(What needs to be done)
Take the material below and extract the lines from the one with "在2022年QS世界大学建筑" through the one with "나이아신아마이드는 피부 장벽을", word for word, without pictures.

(Information supplied)
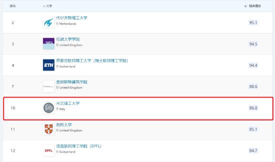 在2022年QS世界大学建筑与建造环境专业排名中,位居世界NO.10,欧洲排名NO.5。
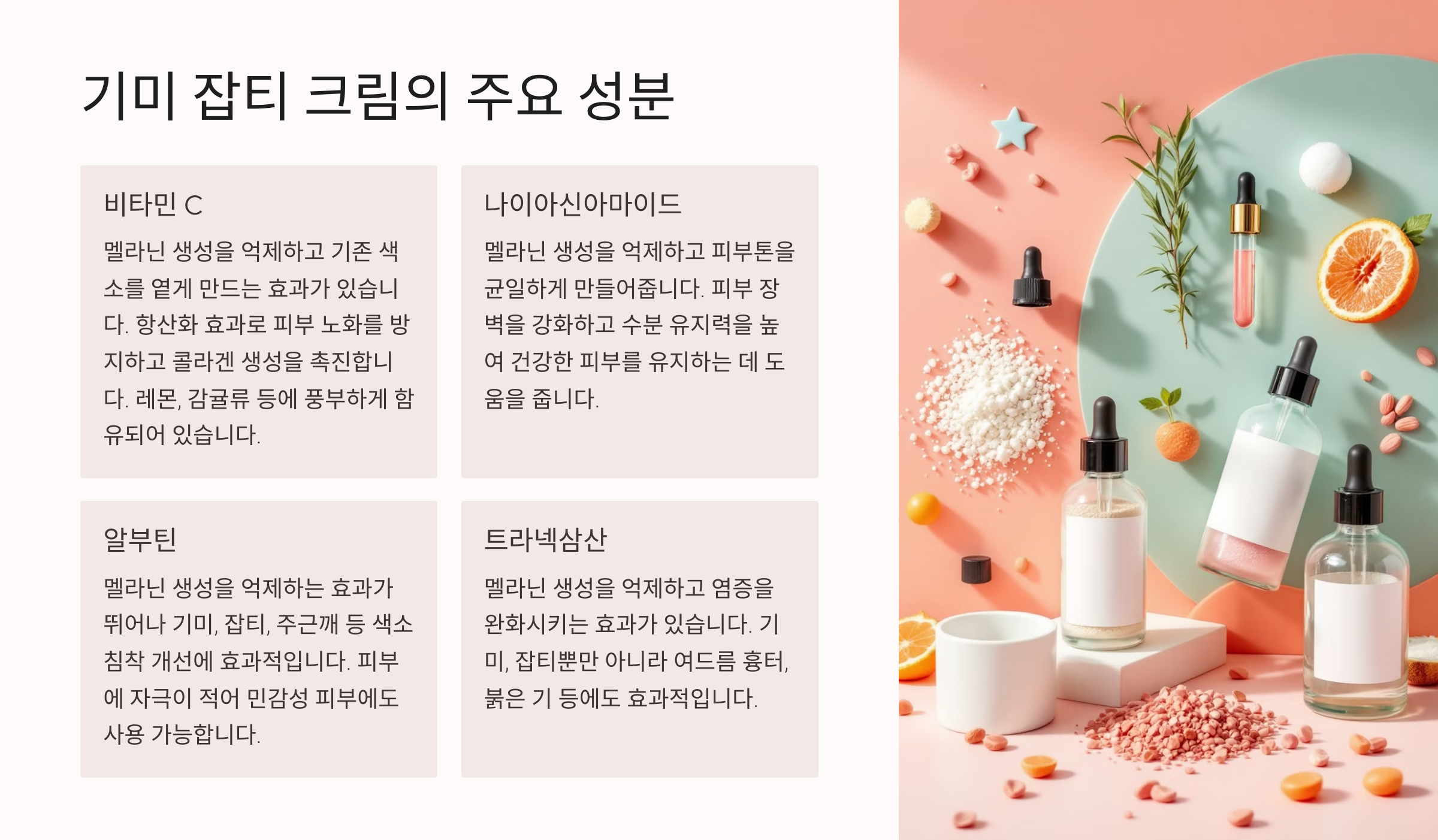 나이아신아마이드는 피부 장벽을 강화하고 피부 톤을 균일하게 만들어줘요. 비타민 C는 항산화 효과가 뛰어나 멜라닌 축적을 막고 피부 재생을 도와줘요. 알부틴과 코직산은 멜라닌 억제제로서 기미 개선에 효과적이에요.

* * *

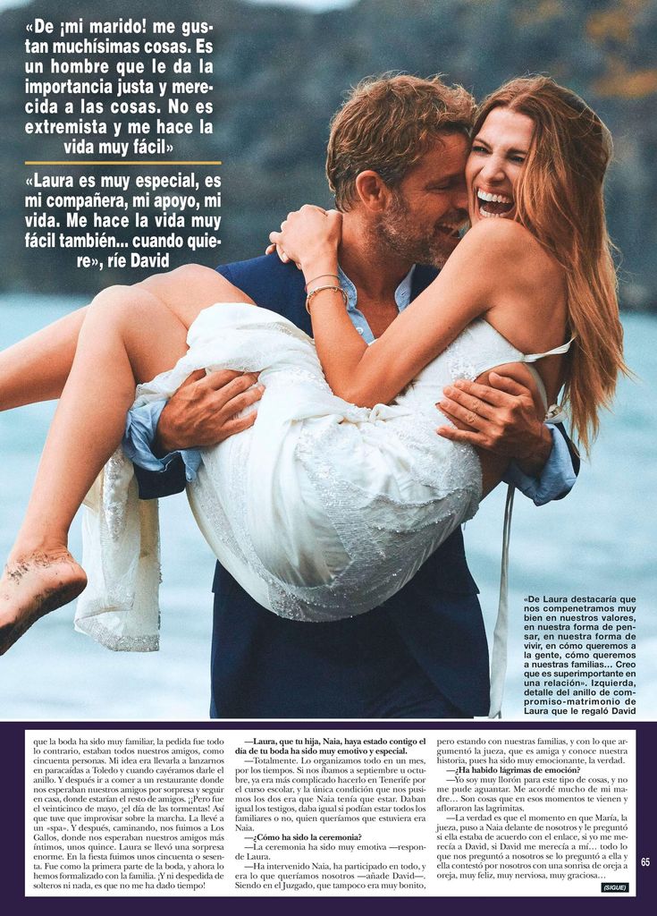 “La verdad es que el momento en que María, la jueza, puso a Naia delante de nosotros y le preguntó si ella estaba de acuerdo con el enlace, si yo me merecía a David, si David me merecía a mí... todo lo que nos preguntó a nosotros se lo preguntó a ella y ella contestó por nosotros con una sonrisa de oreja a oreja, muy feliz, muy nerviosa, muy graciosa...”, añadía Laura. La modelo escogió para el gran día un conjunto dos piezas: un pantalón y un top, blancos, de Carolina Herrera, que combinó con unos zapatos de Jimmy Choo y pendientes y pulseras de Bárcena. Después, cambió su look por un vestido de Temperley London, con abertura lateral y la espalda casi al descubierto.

(Output below)
 在2022年QS世界大学建筑与建造环境专业排名中,位居世界NO.10,欧洲排名NO.5。
 나이아신아마이드는 피부 장벽을 강화하고 피부 톤을 균일하게 만들어줘요. 비타민 C는 항산화 효과가 뛰어나 멜라닌 축적을 막고 피부 재생을 도와줘요. 알부틴과 코직산은 멜라닌 억제제로서 기미 개선에 효과적이에요.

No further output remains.